The time we spent with the students during the week was great fun and an excellent opportunity for us to reflect on our own work, considering design as a wider discipline than the largely digital world we work in.  The return on that small investment on our part was really impressive to see; how the design week participants had taken those briefs, explored the context and applied different ways of thinking with their own fresh, youthful perspective on the world.   

Huge thanks to Dr Becky Mallaband and colleagues at Aston University for inviting us to sponsor Design Week, and their hospitality in looking after my colleagues and I; it was a real pleasure and something we would love to do more of.  It was a great job by all the teams, and we were really impressed with how they had engaged with the brief. We are sharing their insights back with the project team and our friends at Telensa.  We'll also be keeping an eye on the exciting projects coming from the Aston Design students over their next couple of years! 

We were thrilled to be joined by the team from Kainos for our annual design week.  
Our students really enjoyed getting stuck into the live design briefs, and in particular to think about how their products can be part of a smart city of the future, along with the ethical issues that might come along with the use of more intelligent technology.

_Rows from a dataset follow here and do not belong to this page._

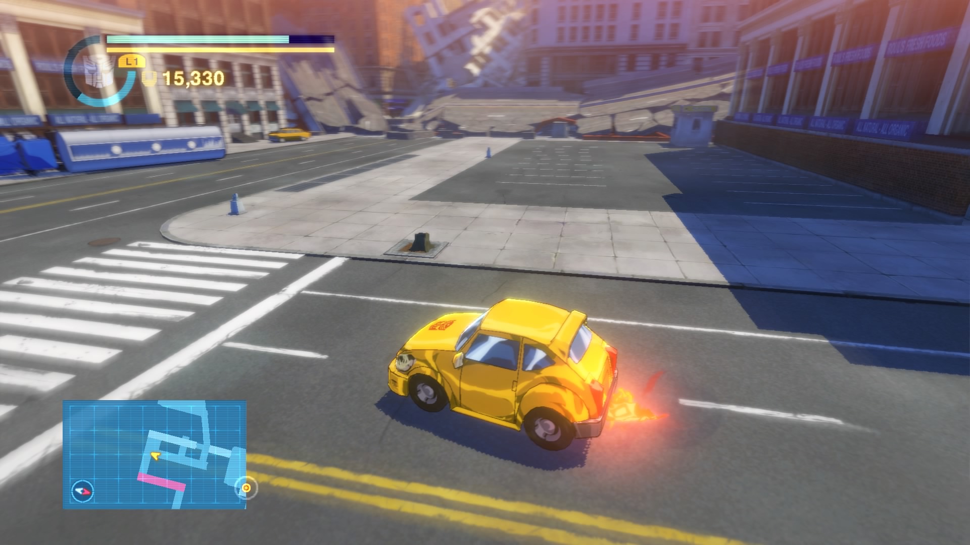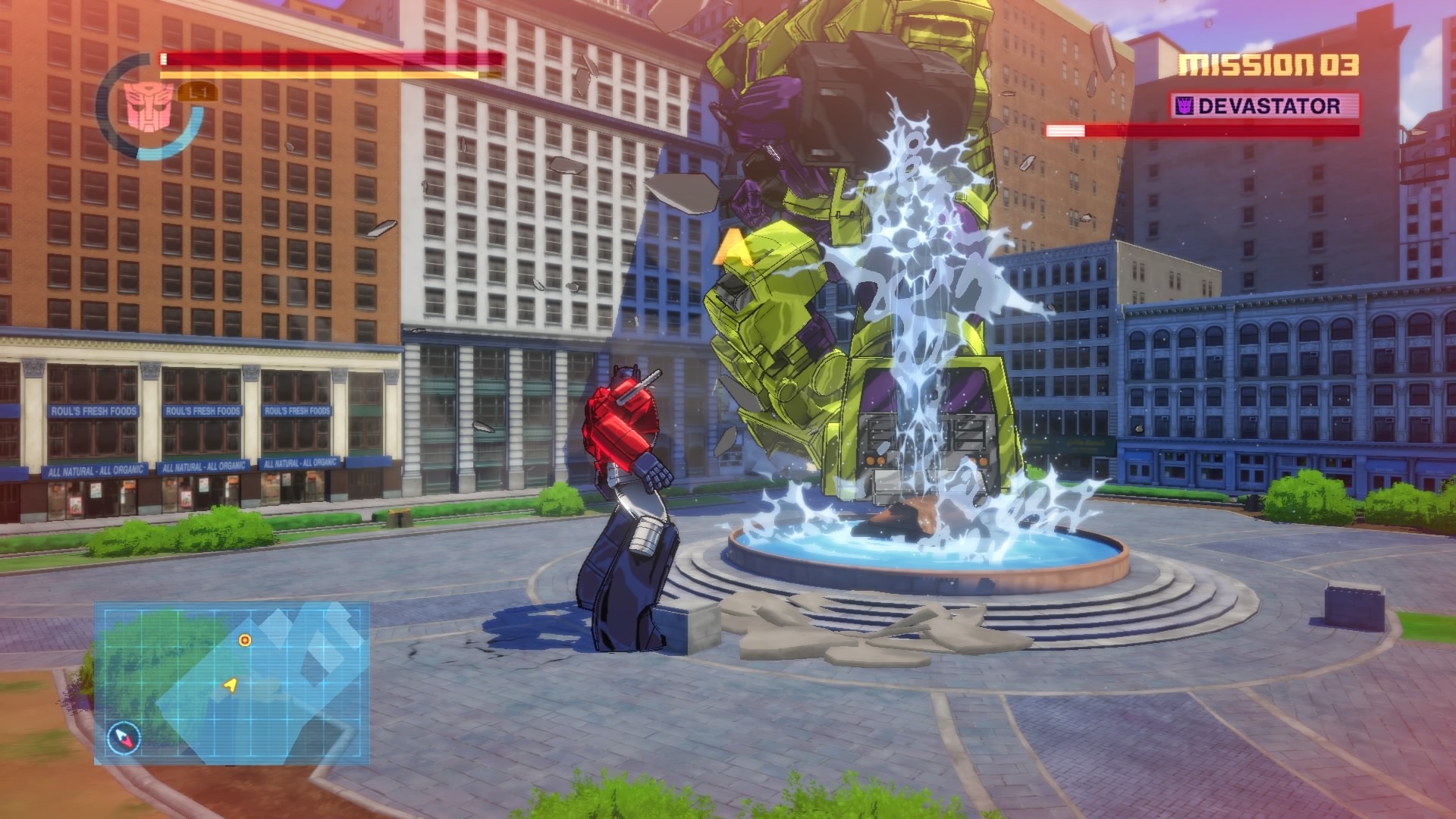 System walki można bezpiecznie uznać za satysfakcjonujący. Nie należy do tych ubogich, ale też nie serwuje nam żadnych nowości. Oprócz przyfasolenia komuś w twarz, zmieniając się w samochód, rzecz jasna. Wszystko opiera się na kombinacjach. Kwadrat to lekki atak, trójkąt – ciężki. Udane combo wymaga oczywiście świadomości. W „Transformers: Devastation” kluczem do sukcesu jest zgrabne łączenie dwóch form, jakie może przyjąć nasz bohater – samochodu i robota. W osiągnięciu ofensywnego spełnienia ma pomóc znany system uników. Jeżeli skutecznie uciekniemy przed atakiem przeciwnika, czas zwalnia i otwiera się na nasze miecze, młoty czy strzelby.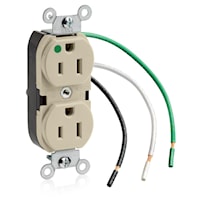 LEVITON 8200-LI Receptacle duplex 6" wire leads 15A 125V ivory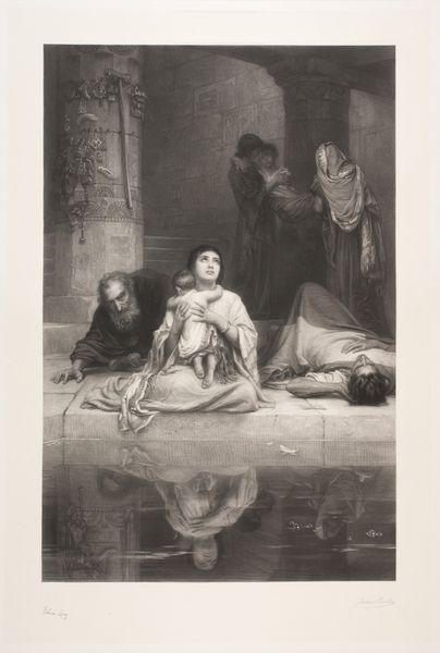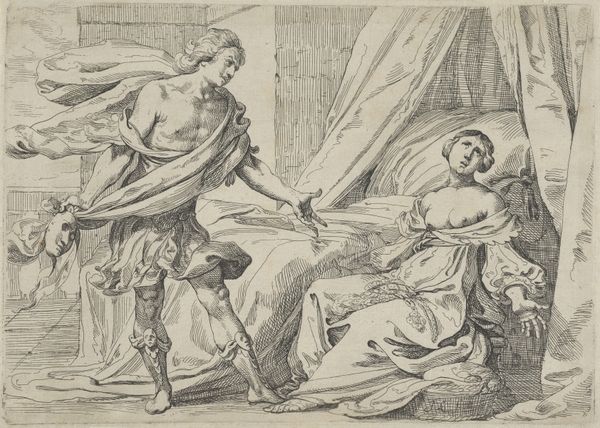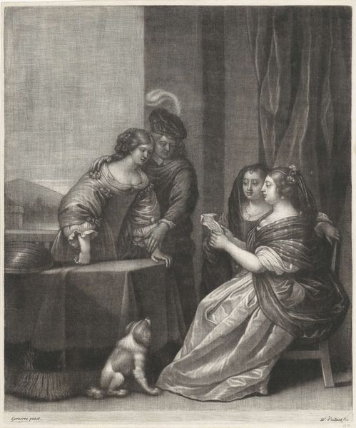 Curator: This is George Clint’s "Falstaff’s Assignation with Mrs Ford," currently residing at the Tate Collections. It captures a scene rife with tension and anticipation. Editor: My first impression is one of unease, a sense of something not quite right. Mrs. Ford seems burdened, not joyous, despite the suggestive title. Curator: The work draws upon Shakespeare's "The Merry Wives of Windsor", a comedy that, within its social context, played with anxieties around class and reputation. Clint’s illustration, in this light, feels almost subversive. Editor: Note the goldfish bowl, a symbol of entrapment and fleeting beauty. The gaze of Mrs Ford seems very much locked to the goldfish within. Curator: Absolutely, and we can also examine the placement of the screen, the concealed Falstaff, the power dynamics at play within the burgeoning middle class, eager to mimic aristocratic pastimes and manners. Editor: It's as if Clint captured a moment where societal expectations and personal desires collide, leaving a residue of discomfort. Curator: Indeed, it prompts consideration of how artistic renderings influence our understanding of literature and social decorum. Editor: A fascinating intersection of text and image, revealing hidden depths in a seemingly lighthearted tale.

Dr Becky Mallaband, Senior Lecturer in User-Centered Design at Aston University 

And finally, a quote from our partners for the week, Telensa.

At its heart, smart city technology is about using data to make better places for people to live, and we've been working closely with Kainos to make it happen in the Urban Data Project. Aston University is developing the design leaders of the future, and it has been exciting to see them bring fresh thinking to smart city data, designing new human-centred applications for urban environments.

Keith Day, Chief Marketing Officer, Telensa.